I first learned how to program in 1984 at 14. The tech press said I'd be obsolete by 25, due to age.

About 1990 tech press said the Japanese were building fifth generation computers to make me obsolete.

In 2000, the dot com bubble bursting was said to make me obsolete.

There's been neural networks, no-code, and more, since then, to make me obsolete.

Now it's LLMs.

Excuse me while I sit here and don't panic.

#rant

EDIT: This blew up. Muting the thread for some peace and quiet.

@liw There were things that pulled stuff away from programmers though. Much of it at the time was hidden by the growth in demand.
Excel, BASIC, some expert systems, Hypercard, DBase and friends all enabled an army of not-really-programmer people to get real work done without having to become programming experts of any kind.

None of them hallucinated or ate entire data centres for lunch. Their output was predictable if slow and they kept working over upgrades in general.

@liw The real sad thing is the tools that were heading towards making some programming obsolete or at least much easier - stuff that worked off formal proofs and graph theory all got thrown under the bus when shiny "AI" stuff came along.
@etchedpixels @liw Programmers who think they need LLM coding assistants really just need better languages and libraries.

Better slushpiles and slushpile indexes, maybe enough! Stack Overflow briefly overwrote that skill

@mason @etchedpixels @liw

@clew Would you rephrase that?

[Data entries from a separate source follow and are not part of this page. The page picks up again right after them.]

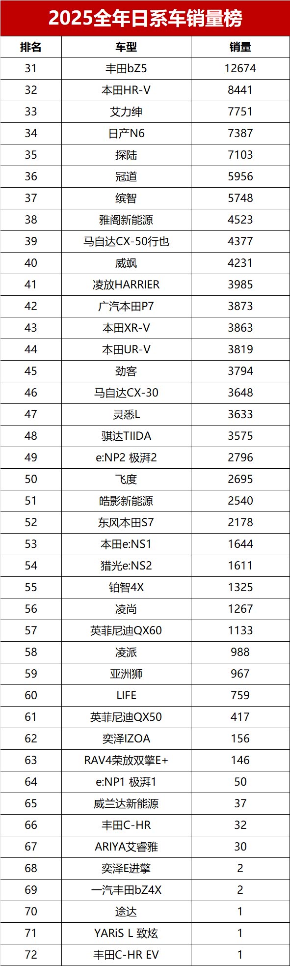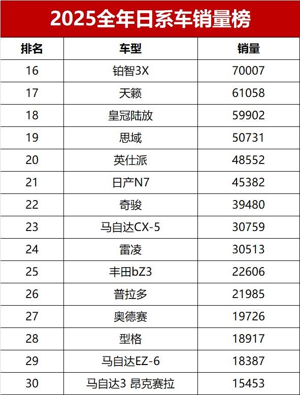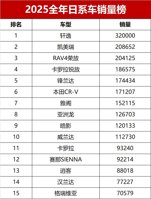 【2025年全年日系车零售销量排行榜】乘联会最新数据出炉,2025年日系车全年零售销量定格在288.6万辆,同比下滑7.9%,市场份额也进一步缩水至12.2%,比2024年少了1.5个百分点。反观整个国内乘用车市场,2025年全年零售销量达2374.5万辆,同比还涨了3.8%。一边是整体市场的稳步增长,一边是日系车的持续下滑,两者形成鲜明对比,不难看出,曾经在国内市场叱咤风云的日系车,如今的竞争力正不断减弱,“合资霸主”的光环也早已不如以往。真惨!2025全年日系车零售榜! 本田CR-V(参数|询价)第六,卡罗拉跌出前十!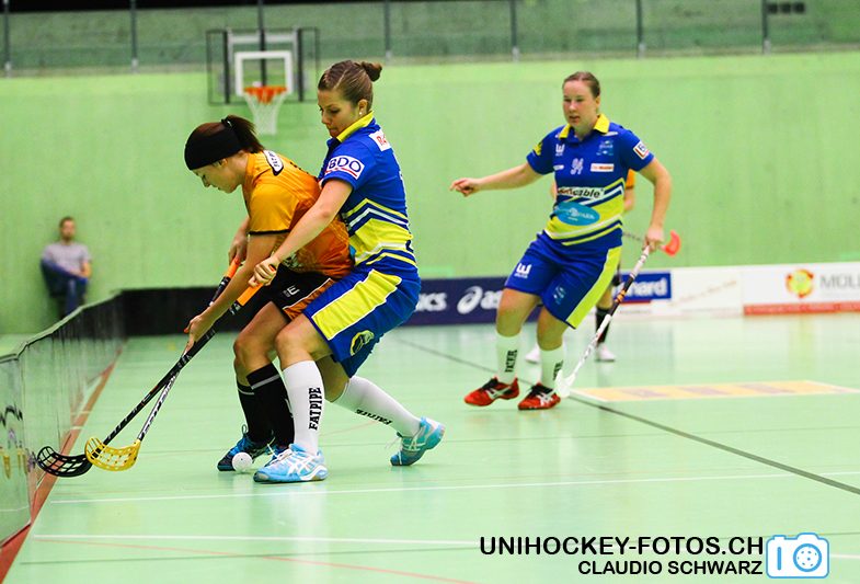 Die Gelb-Blauen starteten gut und konzentriert in die Partie. Topscorer Nina Bärtschi brachte ihre Farben nach gut neun Minuten bereits mit 2:0 in Führung. Sonja Putzi aber brachte ihre Farbennoch innnerhalb einer Minute zurück ins Spiel. Evelyne Ackermann sowie Katrin Zwinggi und nochmals Putzi zeichneten sich für die Tore zum Zwischenstand von 3:3 verantwortlich. Der Start ins Mitteldrittel ist für Dietlikon dann einer zum vergessen. Bis zu Spielmitte zogen die Gäste bereit auf 3:6 davon. Monika Schmid im Tor des Heimteams bei jedem Tor praktisch machtlos. Die Freiheiten für die Gäste-Stürmer am hinteren Pfosten stehend jeweils königlich. Doch die Gelb-Blauen können sich nochmals fassen. Ackermann mit einem Ablenker und Rebecca Hermann in Überzahl bringen ihre Farben wieder zurück ins Spiel.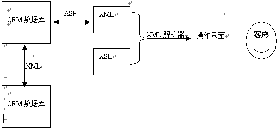 包括客戶資料,銷售報表等相關(guān)的客服信息都存儲在數(shù)據(jù)庫中,通過ASP應(yīng)用程序取出需要的數(shù)據(jù)生成符合條件的XML文檔,再通過安裝在服務(wù)器端的XML解析器按照預(yù)先設(shè)定的排版樣式XSL解析XML文檔,最后生成符合條件的HTML格式的CRM操作界面呈現(xiàn)在客戶面前?蛻魯(shù)據(jù)可能來自不同的數(shù)據(jù)庫,并且都有各自不同的復(fù)雜格式。但客戶與這些數(shù)據(jù)庫間只通過一種標(biāo)準語言進行交互,那就是XML。由于XML的自定義性及可擴展性,它足以表達各種類型的數(shù)據(jù)。客戶收到數(shù)據(jù)后可以進行處理,也可以在不同數(shù)據(jù)庫間進行傳遞。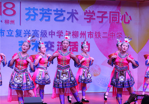 復興高中師生們在柳鐵二中老師同學們陪伴下,參觀該校書畫工作室、古箏工作室、書畫館,并到學校藝術中心參觀器樂、聲樂、播音、戲劇、舞蹈專業(yè)功能室展示和運動區(qū)體育專業(yè)訓練。柳鐵二中校長覃桂寧介紹了柳鐵二中校園文化營造、課程設置、校舍建設、辦學特色等情況。兩校同學們用不同樂器演奏出動聽的旋律,用優(yōu)美的舞姿展現(xiàn)藝術的魅力,還交換紀念禮物,互加微信,共敘友誼。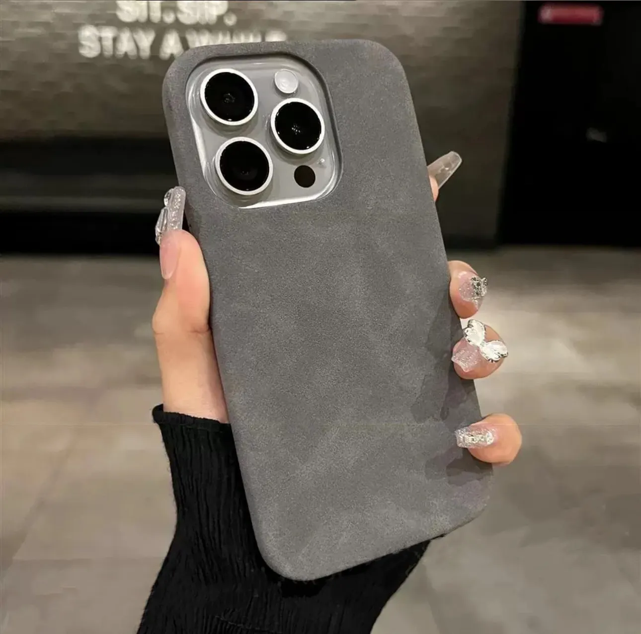 New High-grade Solid Color Suede Phone Case
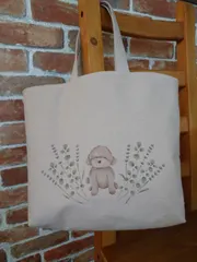 トイプーのトートバッグ ハンドメイドのトートバッグに、トイプーのステンシルをしました優しい雰囲気になるように、トイプーちゃんの顔が笑顔に見えるように目を描きました

I've missed your meaning and I'm curious what you meant.

“Slushpile” used to be all the code one had written, with employer secrets removed, whether it had ever seen use or not, organized so that you could reuse work. Data and UI structures that were not a good fit for earlier features might be useful now. Shake them out, improve while trying, put them away a little better.

I worked on a big team that had a nascent group slushpile for its giant long term software. This was way before git so harder than it would be with modern merging.

@mason

@clew Fascinating. I've never encountered the term. Re-reading your reply with that new understanding. Thank you.

background: I believe programmers borrowed “slushpile” from publishers. Publishers use it to mean all the submissions that come in without an agent, so, derogatory. For programmers it kind of means the manuscripts the publisher sent back, I guess.

@mason

@clew Makes sense. Most of my life I've been programming for myself so I've rarely had to maintain a concept for rejected work.

One time was funny. It was my first pure software engineering job. We broke up a task and I had a piece to write. We were all told to use Hungarian notation. I hated it but I did it.

I was the only person who did it. No one else had paid attention. So despite some well-deserved embarrassment from the others, I was the one who had to rewrite all my code, as the combined effort to rewrite everyone else's code would have been too much.

I didn't know it at the time, but this was to be a signpost for my entire career to date. :P

Do you have a place or concept for code you tried and put aside?

(“Nobody else did the obligatory thing” - argh, familiar.)

@mason

@clew It lives forever in a forgotten corner of my CVS^H^H^HSubversion^H^H^H^H^H^H^H^H^H^HGit server.

yeah, I SAY they were organized but “one directory, grep , and hope” was probably more common.

@mason

@clew I want to favourite this harder, but there's only the one button.